Exceeding Version Count Alert
PromSQL
starrocks_be_max_tablet_rowset_num{job="$job_name"} > 700
Alert Description
An alert is triggered when a tablet on a BE node has more than 700 data versions.
Resolution
Use the following command to check the tablet with excessive versions:
SELECT BE_ID,TABLET_ID FROM information_schema.be_tablets WHERE NUM_ROWSET>700;
Example for Tablet with ID 2889156
:
SHOW TABLET 2889156;
Execute the command returned in the DetailCmd
field:
SHOW PROC '/dbs/2601148/2889154/partitions/2889153/2889155/2889156';
Under normal circumstances, as shown, all three replicas should be in NORMAL
status, and other metrics like RowCount
and DataSize
should remain consistent. If only one replica exceeds the version limit of 700, you can trigger a Clone task based on other replicas using the following command:
ADMIN SET REPLICA STATUS PROPERTIES("tablet_id" = "$tablet_id", "backend_id" = "$backend_id", "status" = "bad");
If two or more replicas exceed the version limit, you can temporarily increase the version count limit:
# Replace be_ip with the IP of the BE node which stores the tablet that exceeds the version limit.
# The default be_http_port is 8040.
# The default value of tablet_max_versions is 1000.
curl -XPOST http://$be_ip:$be_http_port/api/update_config?tablet_max_versions=2000
CheckPoint Failure Alert
PromSQL
starrocks_fe_meta_log_count{job="$job_name",instance="$fe_master"} > 100000
Alert Description
An alert is triggered when the FE node's BDB log count exceeds 100,000. By default, the system performs a CheckPoint when the BDB log count exceeds 50,000, and then resets the count to 0.
Resolution
This alert indicates that a CheckPoint was not performed. You need to investigate the FE logs to analyze the CheckPoint process and resolve the issue:
In the fe.log of the Leader FE node, search for records like begin to generate new image: image.xxxx
. If found, it means the system has started generating a new image. Continue checking the logs for records like checkpoint finished save image.xxxx
to confirm successful image creation. If you find Exception when generate new image file
, the image generation failed. You should carefully handle the metadata based on the specific error. It is recommended to contact the support team for further analysis.
Excessive FE Thread Count Alert
PromSQL
starrocks_fe_thread_pool{job="$job_name"} > 3000
Alert Description
An alert is triggered when the number of threads on the FE exceeds 3000.
Resolution
The default thread count limit for FE and BE nodes is 4096. A large number of UNION ALL queries typically lead to an excessive thread count.

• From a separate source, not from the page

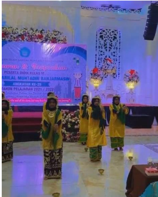
Gambar 4. 6 Penampilan Tari Oleh Siswa pada Acara Perpisahan Sekolah

Gambar di atas adalah salah satu seni tari yang dilakukan oleh siswa kelas 4 dan 5 pada acara perpisahan kelas 6 SDI Sabilal Muhtadin Kota Banjarmasin. Seni tari yang ditampilkan umumnya adalah tari Radap Rahayu yang juga telah dipelajari oleh siswa peserta kegiatan ekstrakurikuler.

It is recommended to reduce the concurrency of UNION ALL queries and adjust the system variable pipeline_dop
. If it is not possible to adjust SQL query granularity, you can globally adjust pipeline_dop
:
SET GLOBAL pipeline_dop=8;
In emergencies, to restore services quickly, you can increase the FE dynamic parameter thrift_server_max_worker_threads
(default value: 4096).
ADMIN SET FRONTEND CONFIG ("thrift_server_max_worker_threads"="8192");
High FE JVM Usage Alert
PromSQL
sum(jvm_heap_size_bytes{job="$job_name", type="used"}) * 100 / sum(jvm_heap_size_bytes{job="$job_name", type="max"}) > 90
Alert Description
An alert is triggered when the JVM usage on an FE node exceeds 90%.
Resolution
This alert indicates that JVM usage is too high. You can use the jmap
command to analyze the situation. Since detailed monitoring information for this metric is still under development, direct insights are limited. Perform the following actions and send the results to the support team for analysis:
# Note that specifying `live` in the command may cause FE to restart.
jmap -histo[:live] $fe_pid > jmap.dump
In emergencies, to quickly restore services, you can restart the corresponding FE node or increase the JVM (Xmx) size and then restart the FE service.